Instructions for the task ▸ Begin at the line containing "MUSTANSIR - 12K" in the records below, end at the line containing "P.O. Box 26626, San", and retype each line in that span exactly. No other line and no image should appear.

Data section ▸
○ ○ ○
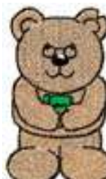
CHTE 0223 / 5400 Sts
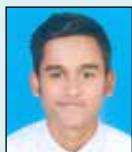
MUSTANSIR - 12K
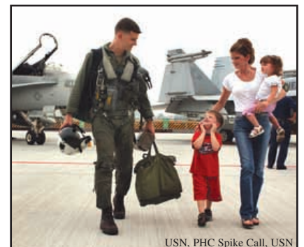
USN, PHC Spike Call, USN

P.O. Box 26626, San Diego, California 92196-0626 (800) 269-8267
○ ○ ○
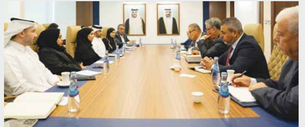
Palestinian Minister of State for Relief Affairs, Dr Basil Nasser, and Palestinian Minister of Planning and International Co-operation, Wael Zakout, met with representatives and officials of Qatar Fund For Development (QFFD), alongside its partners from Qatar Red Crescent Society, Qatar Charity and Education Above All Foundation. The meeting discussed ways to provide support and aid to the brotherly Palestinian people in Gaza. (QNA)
○ ○ ○
Answer to the exercise ▸
MUSTANSIR - 12K
USN, PHC Spike Call, USN

P.O. Box 26626, San Diego, California 92196-0626 (800) 269-8267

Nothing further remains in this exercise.